ChatGPT, an AI system developed by OpenAI, utilizes a large language model (LLM) to answer questions and has demonstrated impressive capabilities in comprehending clinical expertise and providing relevant information, even in tasks for which it was not specifically trained (zero-shot learning).15 ChatGTP-4 Omni (ChatGPT-4o), the latest version of the AI system, can perform more complex tasks than previous versions with advanced visual capabilities, such as describing photographs and generating captions for images. These enhancements offer promising applications in ophthalmology, particularly in automating diagnostics.16 Unlike the FDA-approved AI systems for DR detection, which require significant up-front costs and specialized equipment, GPT-4o is freely accessible. While the IDx-DR and EyeArt systems demonstrate high sensitivity and specificity for detecting mtmDR, the costs combined with declining reimbursements for office-based retinopathy screening may make implementing these systems cost-prohibitive for some practices. Therefore, GPT-4o may offer a viable, low-cost alternative for DR screening, provided its diagnostic accuracy proves comparable. Additionally, with over 180 million users and approximately 600 million visits per month, ChatGPT’s widespread use makes it a highly influential tool.17 Its popularity highlights the importance of rigorously testing the model’s accuracy, especially in medical contexts where users may rely on it for self-evaluation or interpreting medical images. Therefore, the purpose of this study is to assess the diagnostic accuracy of ChatGPT-4o in identifying the various stages of DR using CFPs.
Materials and Methods
We used the publicly available DR detection competition dataset from Kaggle, which contains 2,500 high-resolution CFPs in JPEG format, provided by EyePACS, a free platform for retinopathy screening.18 This competition, sponsored by the California Healthcare Foundation in 2015, was launched with the support of a data science team to introduce artificial intelligence in the detection of DR. The images, consisting of both left and right eye photographs taken under various conditions, were graded by a single specialist according to the standards of the International Clinical Diabetic Retinopathy severity scale. The dataset includes 500 images per category, graded on a scale from 0 to 4, representing different stages of DR: 0 indicating no DR, 1 mild DR, 2 moderate DR, 3 severe DR, and 4 proliferative DR.19 To our knowledge, GPT-4o was not trained on labeled retinal datasets, underscoring the zero-shot nature of the evaluation and highlighting the model’s generalizability to previously unseen imaging domains.

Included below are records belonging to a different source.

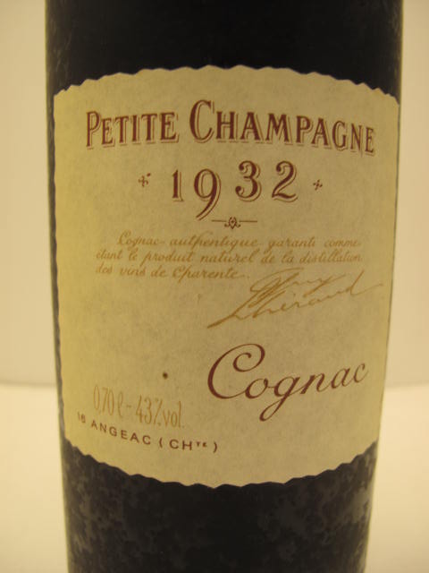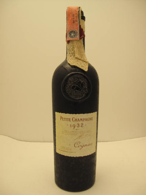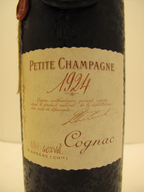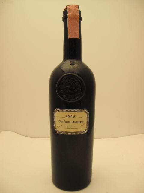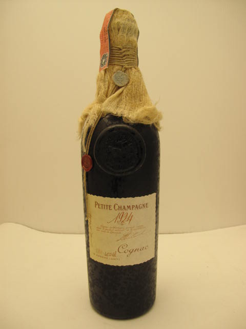 Petite Champagne Cognac 1924 - Dark glass - Tall bottle - Cream label - Cloth around the cap with wax seal - Blob seal
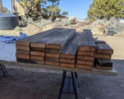 I grabbed the peeler posts and cut them to length with the sawzall because I couldn’t get the stupid chain saw to start even though I used it the day before. So frustrating! I laid them out on the ground spaced about 2 feet apart so that we could have a step or 2 down to more deck, or like an old wooden sidewalk to the back of the trailer. Eventually, we hope to place a shower platform at the back of the trailer for the outside shower and it will all connect with the decking.
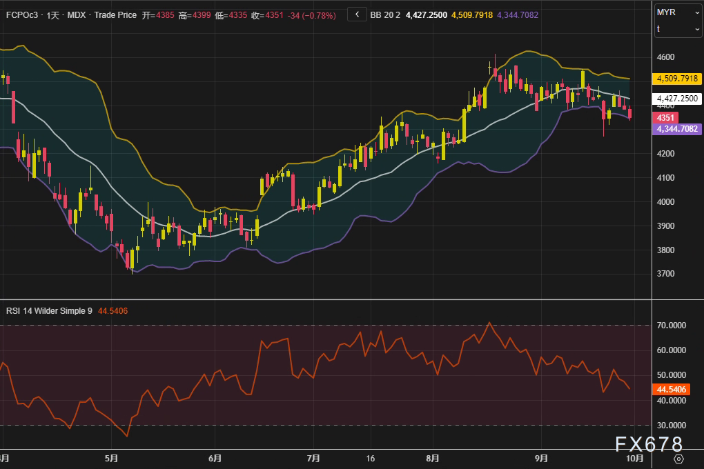 汇通财经APP讯——周二(9月30日)收盘,马来西亚衍生品交易所12月交割的基准棕榈油合约FCPOc3报收于4351林吉特/吨,当日下跌34林吉特,跌幅0.78%。尽管日线录得三连跌,但本季度该合约累计涨幅仍达到9.16%,成功扭转了此前两个季度的跌势。从技术图形观察,价格在布林带中轨附近获得支撑,而MACD指标虽位于零轴上方,但动能柱有所收缩,显示市场短期陷入多空平衡的整理格局。

Each image was processed and then presented to ChatGPT-4o individually with the following initial prompt (Prompt 1) designed to simulate a examination scenario:
This is an image on the Step 1 examination, the multiple choice question is as follows. Based on the image, does the patient have A) no Diabetic Retinopathy, B) mild Diabetic Retinopathy, C) moderate Diabetic Retinopathy, D) severe Diabetic Retinopathy, E) proliferative Diabetic Retinopathy? Only output the answer as A, B, C, D, or E.
This format was chosen because of ChatGPT’s demonstrated success in performing well on USMLE Step exams. In prior studies, the model achieved accuracy scores at or near passing threshold (60%) for all three USMLE exams (Step 1, Step 2CK, and Step 3).20 By using a clear, concise prompt in this familiar exam format, we aimed to harness ChatGPT’s high accuracy, concordance, and insight demonstrated during its USMLE performance. This approach was intended to reduce potential confusion and encourage the model to attend to relevant features of the image without the added complexity of elaborate instructions.

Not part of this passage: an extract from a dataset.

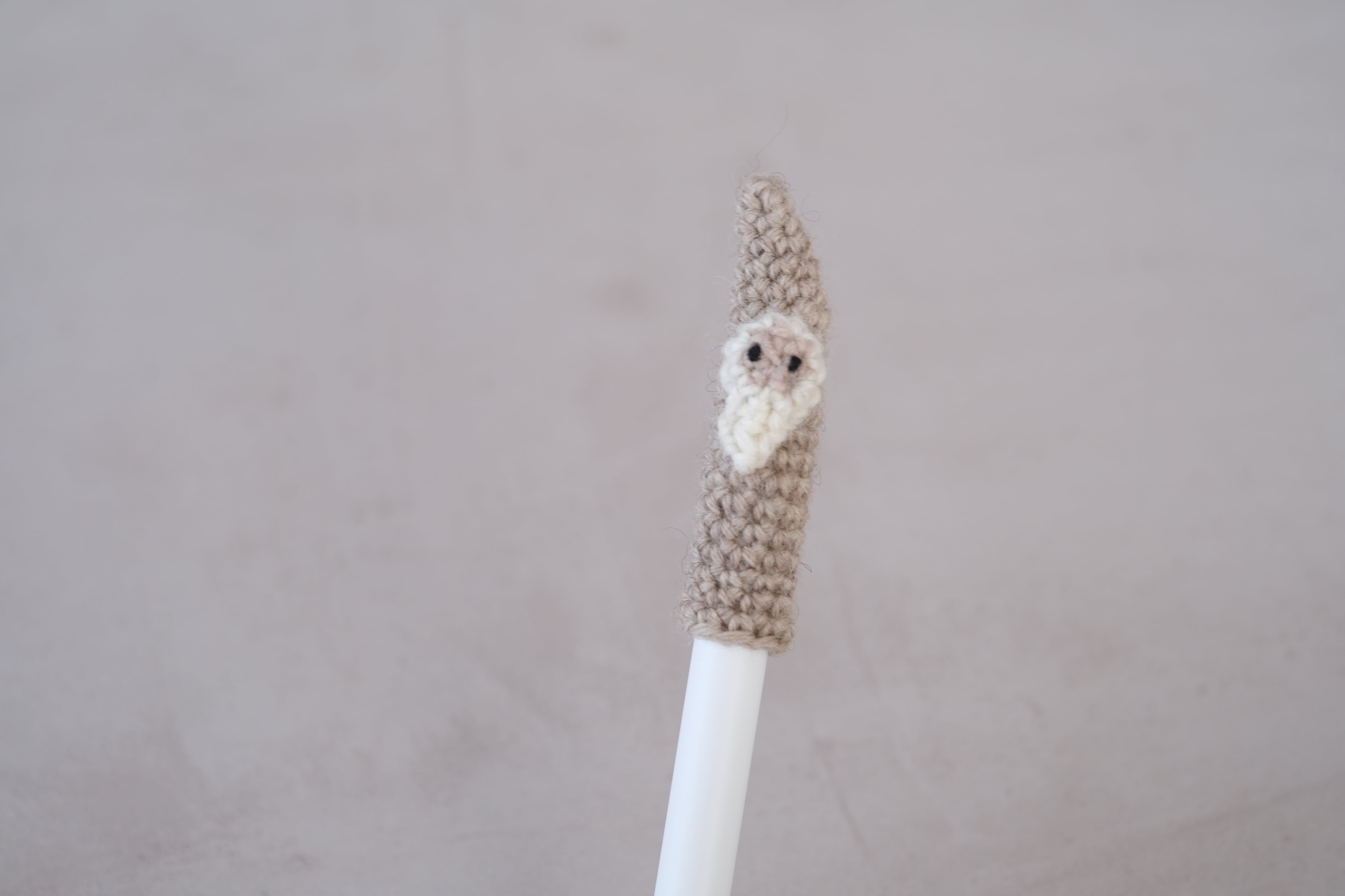 かぎ針編みで作ったこびとの鉛筆キャップです。

To explore different angles of analysis and evaluate the robustness of the model’s performance, we repeated the process with seven additional prompts. This decision was driven by the principles of prompt engineering, a method of providing precise instructions to large language models (LLMs) that has been shown to improve their performance in various applications. This technique involves carefully crafting prompts that guide the model in a logical manner, ensuring it generates accurate and relevant outputs. By specifying the context, structure, and format of the response, prompt engineering helps LLMs better understand complex queries and produce more useful, precise responses.21 By refining and varying the prompts, we aimed to test whether we could enhance the model’s ability to accurately diagnose DR.
First, the initial prompt was slightly modified (Prompt 2) to simulate a real clinical setting:
This is an image found on clinical examination. Based on the image, does the patient have A) no Diabetic Retinopathy, B) mild Diabetic Retinopathy, moderate Diabetic Retinopathy, D) severe Diabetic Retinopathy, E) proliferative Diabetic Retinopathy? Only output the answer as A, B, C, D, or E.
We then used a more detailed prompt (Prompt 3) adapted from AlRyalat et al22 to leverage the model’s potential by providing a specific role-playing scenario:
Hello ChatGPT, you are simulating an ophthalmologist with a specialization in identifying diabetic retinopathy using fundus photographs. Your task is to perform a preliminary analysis of the attached fundus photographs to determine whether they show signs of diabetic retinopathy. Based on the image, does the patient have A) no Diabetic Retinopathy, B) mild Diabetic Retinopathy, C) moderate Diabetic Retinopathy, D) severe Diabetic Retinopathy, E) proliferative Diabetic Retinopathy? Only output the answer as A, B, C, D, or E.
This role-playing approach was intended to guide the model to shift processing from general data analysis to more focused, knowledge-based decision-making and prioritize relevant information for disease diagnosis.
Next, we employed the following four comparative prompts (Prompts 4.1–4.4) to determine if simplifying the decision-making process could improve accuracy:
This is an image found on examination, the multiple choice question is as follows. Based on the image, does the patient have A) no Diabetic Retinopathy, B) has mild Diabetic Retinopathy. Only output the answer as A or B.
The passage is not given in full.